The Echo Chamber Luca Marinelli Susan Sarandon
Luca Marinelli e Susan Saraondon

In un certo senso, e costruito seguendo le enormi stanze di uno splendido appartamento (rifugio e prigione), sembra che sia assente la materia umana, declinata seguendo una formalità destinata a incidere negativamente sul testo e sul contesto. Troppi sospiri stiracchiati, troppi silenzi in camera, troppa seta pregiata e un allungo che disperde un finale sdoppiato, il quale cerca una catarsi che resta però incompiuta.

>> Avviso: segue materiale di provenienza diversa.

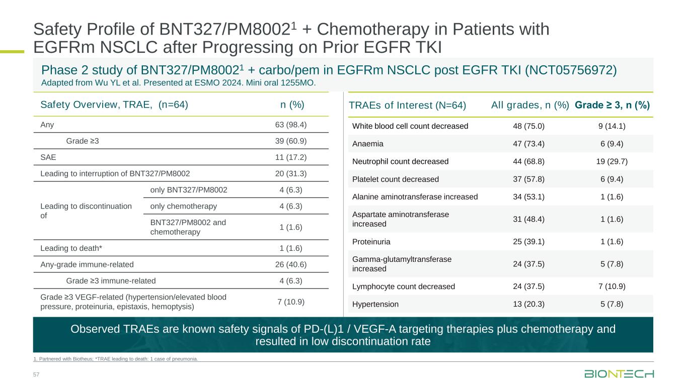 BNT327/PM80021 in Combination with Chemotherapy for EGFR-mutated, post-TKI NSCLC 56 1. Partnered with Biotheus; 2. https://www.accessdata.fda.gov/drugsatfda_docs/label/2024/761210s004lbl.pdf (accessed on 13Nov2024) BNT327/PM80021 + Carboplatin + Pemetrexed 4 cycles N=64 Inclusion criteria • Age ≥ 18 years • Nonsquamous Stage IIIB/C and IV NSCLC ineligible for surgery or local therapy • EGFR sensitizing mutation • Failure of EGFR-TKI treatment(s) • No other prior systemic therapy than EGFR-TKIs • Asymptomatic/stable brain metastasis allowed BNT327/PM80021 + Pemetrexed Maintenance Primary endpoint: ORR per RECIST v1.1 Key endpoints Benchmark comparator data for 2L+ EGFR-mutated NSCLC Status Benchmark regimen ORR mPFS mOS Benchmark study Current SoC Chemo 29.0% 4.2mo 15.3mo MARIPOSA-22 Recent Approval Amivantamab + chemo 53.0% 6.3mo 17.7mo MARIPOSA-22 Phase 2 study of BNT327/PM80021 + carbo/pem in EGFRm NSCLC post EGFR TKI (NCT05756972) Adapted from Wu YL et al. Presented at ESMO 2024. Mini oral 1255MO. Treatment continued until Disease progression or Up to 2 years
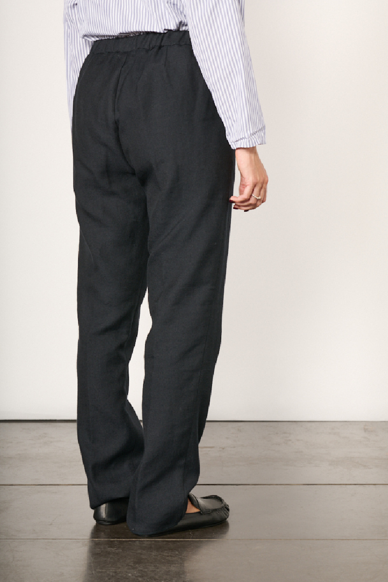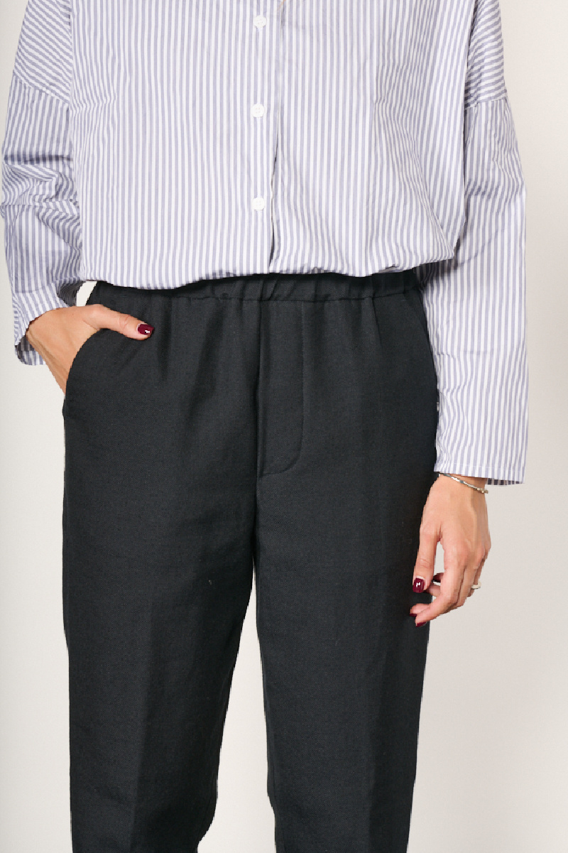 Pantalon Easy confectionné en mélange de laine et de lin noir de la marque Bergfabel.

C'è la regia, ma sembra distogliersi dalla sceneggiatura che fatica a prendere il volo (rallentando il ritmo), bloccata e stonata rispetto a quell'universalità di cui parla l'autore. Chiaro, Marinelli e Vikander ce la mettono tutta (oltre alla garanzia Sarandon, immune agli anni), tentano di accentrare il calore e la profondità, ma la storia, gira che ti rigira, offre poco se non una struttura d'impeccabile fattura. Ma si sa: anche il miglior appartamento, se vuoto, amplifica un'eco dal ridondante timbro.

Conclusioni

Andrea Pallaoro sceglie un cast all-star per The Echo Chamber, ovvero l'ultima sceneggiatura di Bernardo Bertolucci. Tuttavia, e ammantato da una certa patina estetica, si incastra in una poetica estetica che non prende vita, finendo dentro i confini di un'opera immaginifica e lirica, ma a tratti troppo effimera. Chiaro, Luca Marinelli, Alicia Vikander e Susan Sarandon valgono la visione, ma attorno a loro resta ben poco che possa essere ricordato. Peccato, visto il diametro tecnico e umano messo in campo.

Movieplayer.it
2.0/5
Voto medio
N/D

Perché ci piace

  • Ovviamente il cast.
  • C'è un bel colore...

Cosa non va

  • ... che però porta a poco.
  • Una storia che sembra non iniziare mai.